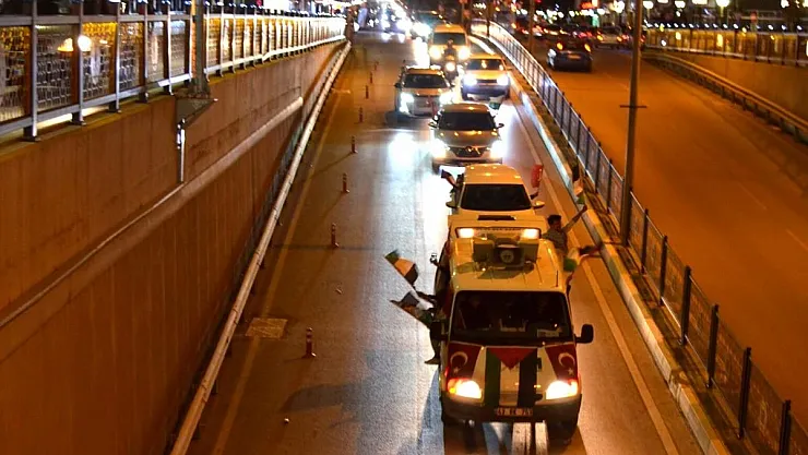 Türkiye ve Filistin bayraklarının birlikte taşındığı konvoyda işgalciler aleyhine, Filistin lehine sloganlar atıldı.
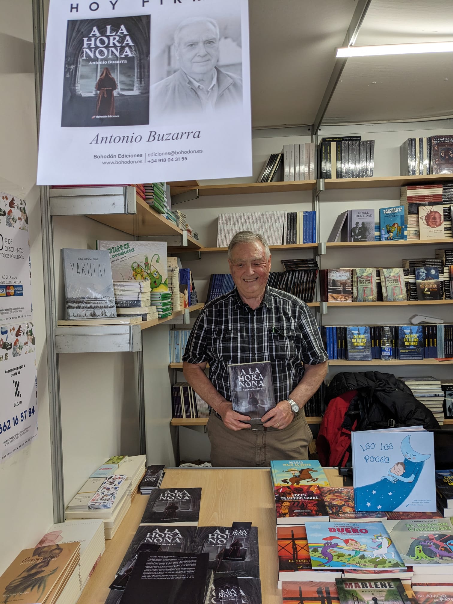 Hola amigos, este sábado estuve en la feria del libro de Valencia, donde me lo pasé estupendamente con Jose Luis y Esther de Ediciones Boodón, que me atendieron muy bien, gracias., y además hasta vendí ejemplares de mi libro «A la hora nona» Hasta la próxima.
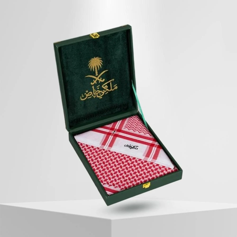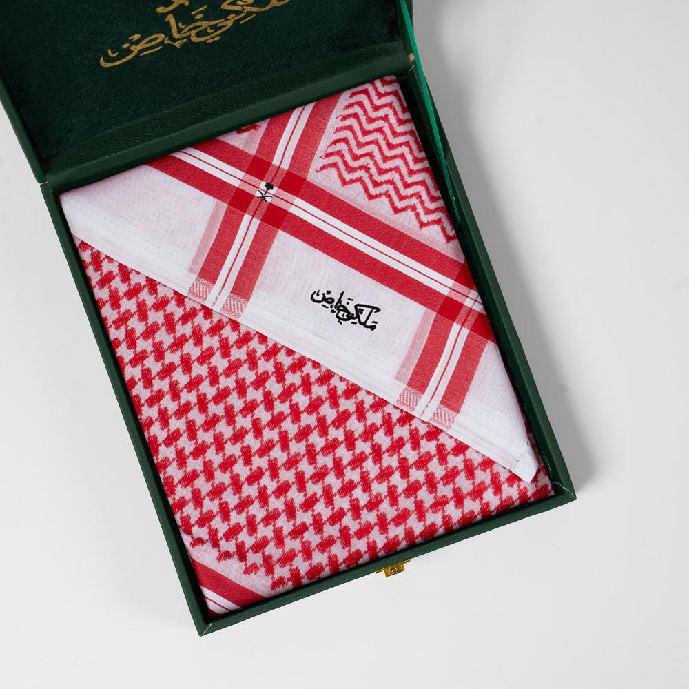 - الخامة: شماغ ملكي خاص مصنوع من قطن متين وعالي الجودة يضمن راحة وملمس مميز.
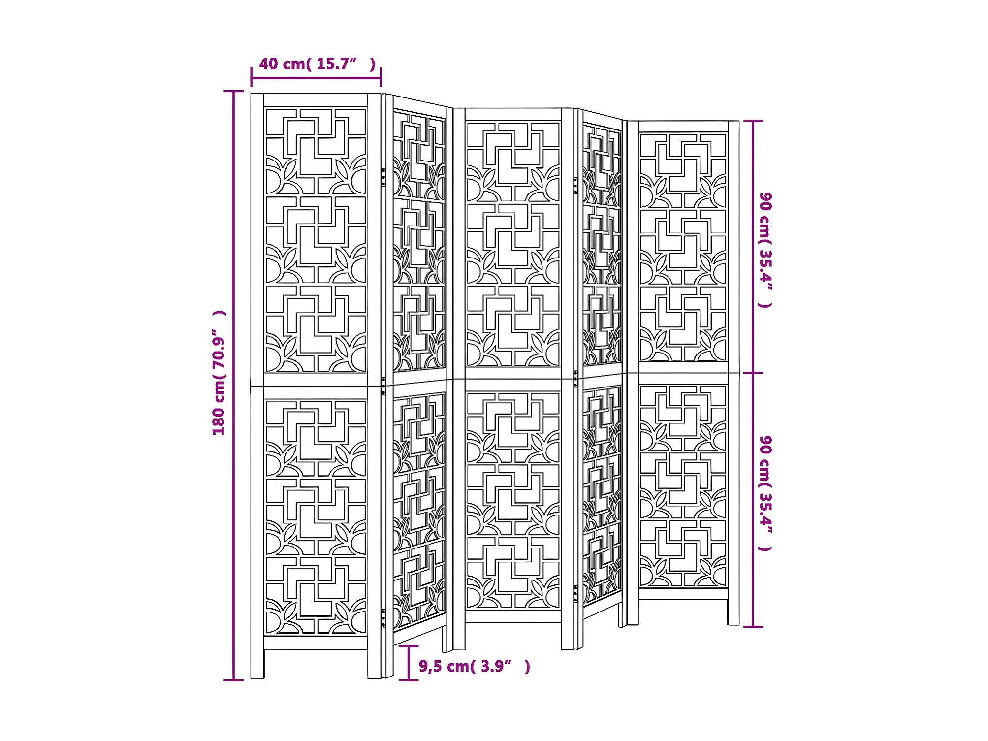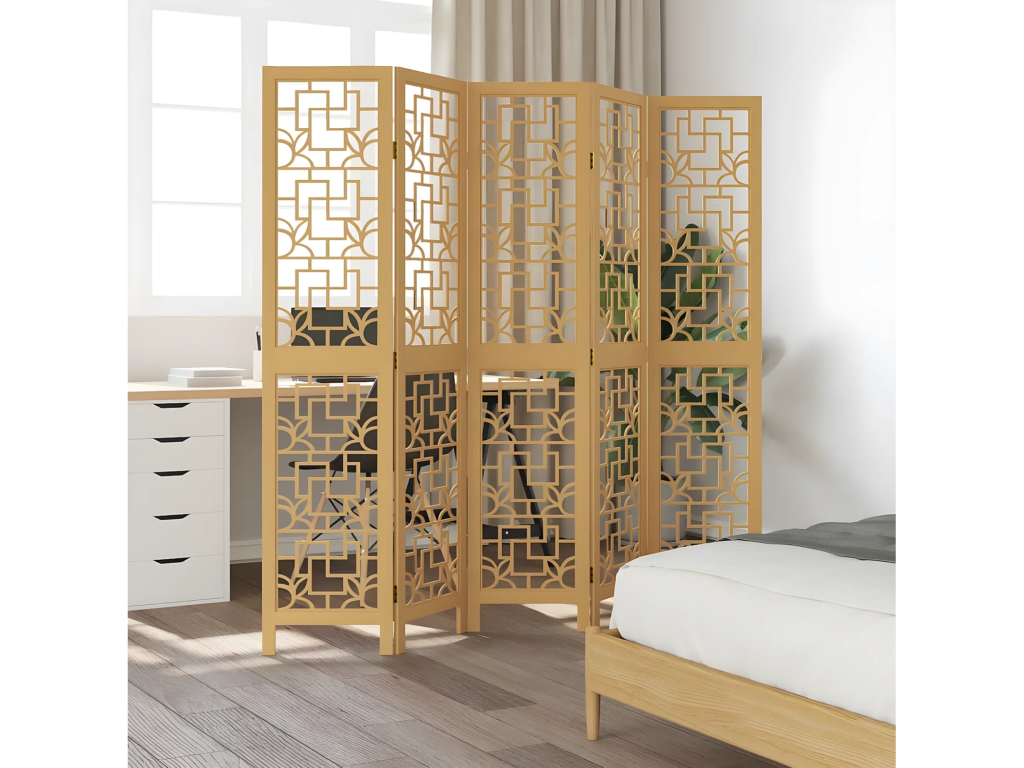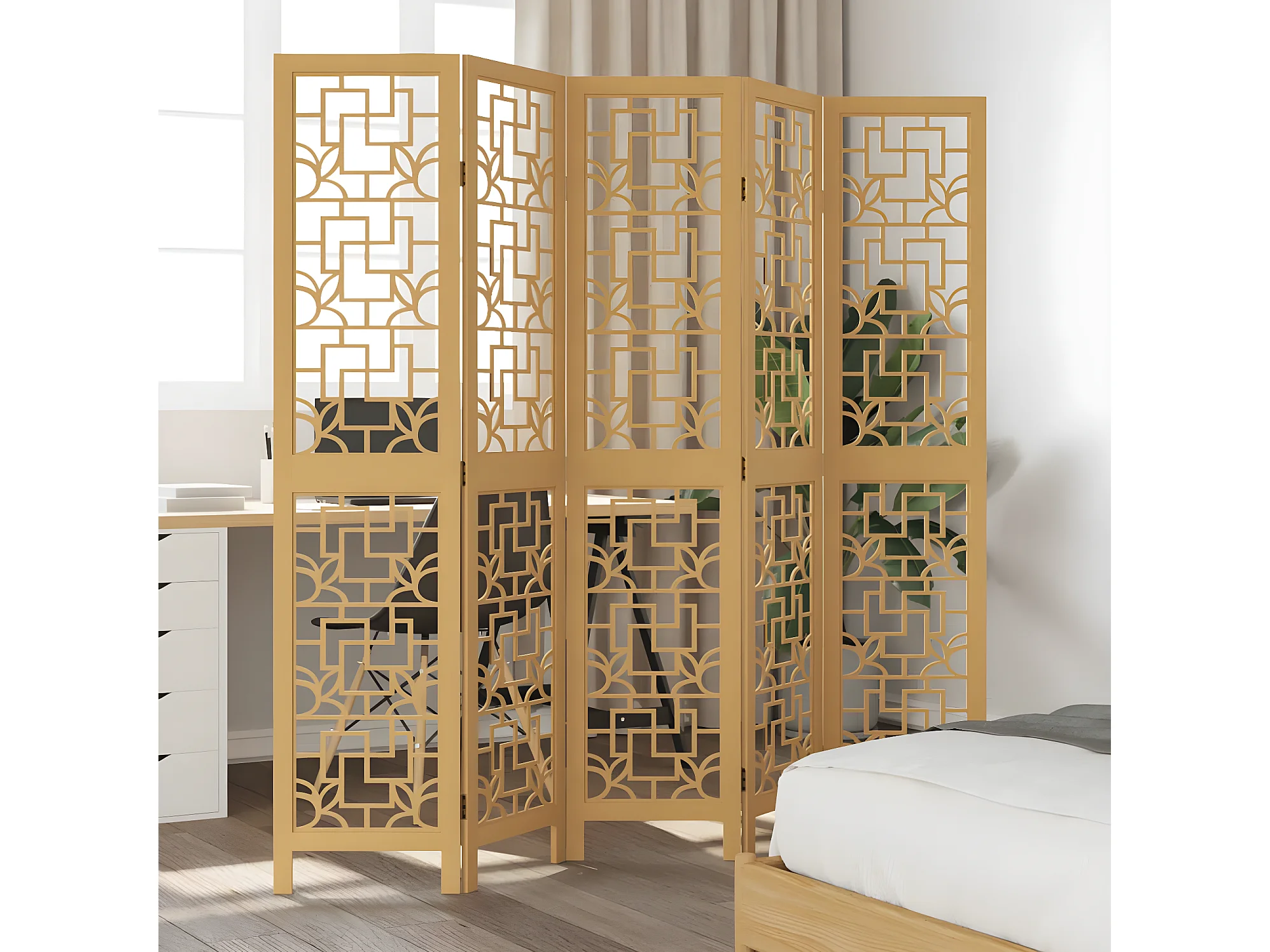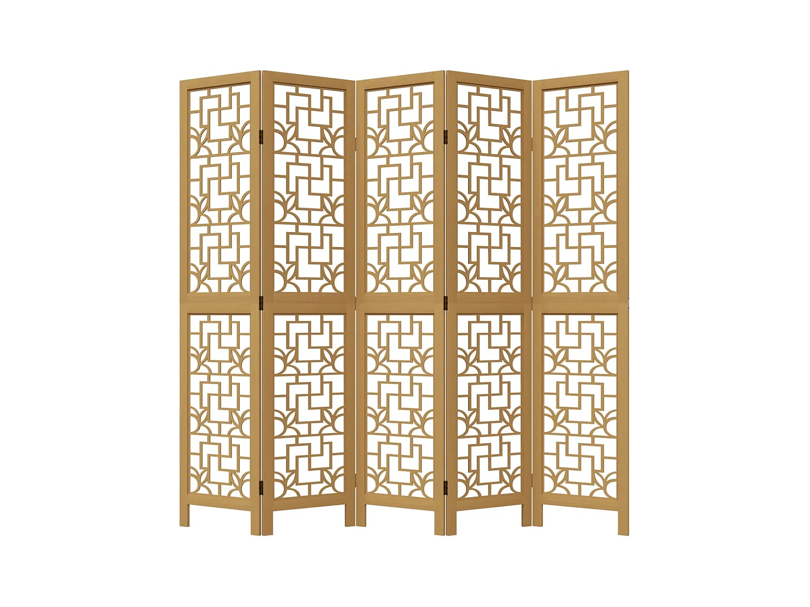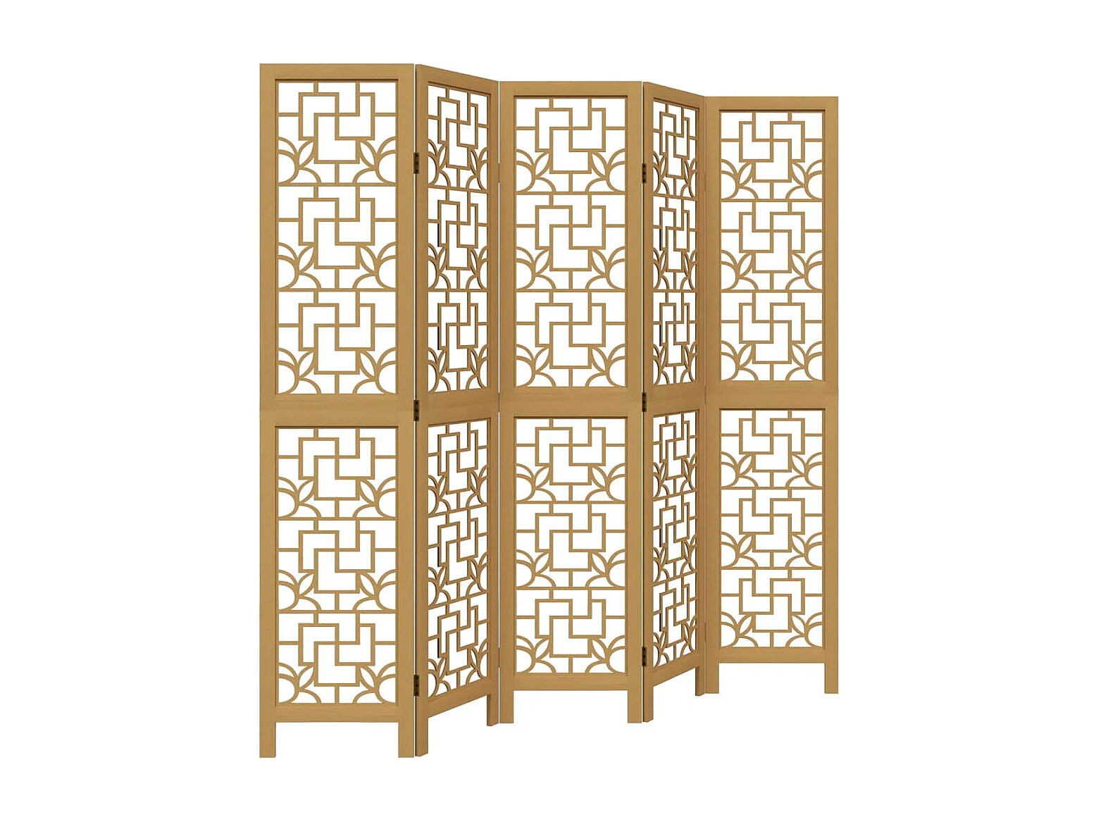 Cloison de séparation 5 panneaux marron bois paulownia massif

■ ■ ■ ■ ■ ■ ■

__ASSIGNMENT__
The output should hold only the lines from the one containing "Hola amigos, este" through the last line of the listing, reproduced exactly, pictures omitted.

__PROBLEM SOLUTION__
 Hola amigos, este sábado estuve en la feria del libro de Valencia, donde me lo pasé estupendamente con Jose Luis y Esther de Ediciones Boodón, que me atendieron muy bien, gracias., y además hasta vendí ejemplares de mi libro «A la hora nona» Hasta la próxima.
 - الخامة: شماغ ملكي خاص مصنوع من قطن متين وعالي الجودة يضمن راحة وملمس مميز.
 Cloison de séparation 5 panneaux marron bois paulownia massif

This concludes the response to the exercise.